══ Input data ══

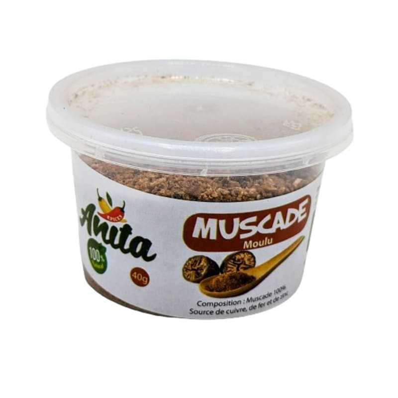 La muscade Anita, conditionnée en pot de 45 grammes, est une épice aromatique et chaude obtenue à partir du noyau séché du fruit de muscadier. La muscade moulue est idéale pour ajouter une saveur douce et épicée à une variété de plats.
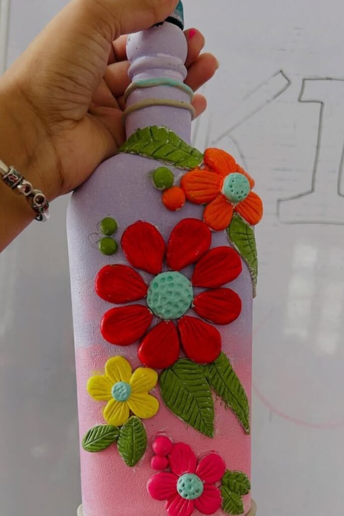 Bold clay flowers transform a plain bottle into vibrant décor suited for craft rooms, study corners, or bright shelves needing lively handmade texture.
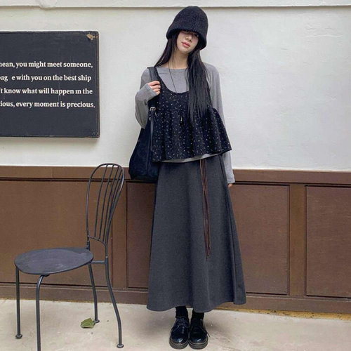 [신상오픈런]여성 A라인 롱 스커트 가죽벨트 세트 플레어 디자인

═══

An unchanged copy of the listing, with no pictures, should be returned.

Your response:
 La muscade Anita, conditionnée en pot de 45 grammes, est une épice aromatique et chaude obtenue à partir du noyau séché du fruit de muscadier. La muscade moulue est idéale pour ajouter une saveur douce et épicée à une variété de plats.
 Bold clay flowers transform a plain bottle into vibrant décor suited for craft rooms, study corners, or bright shelves needing lively handmade texture.
 [신상오픈런]여성 A라인 롱 스커트 가죽벨트 세트 플레어 디자인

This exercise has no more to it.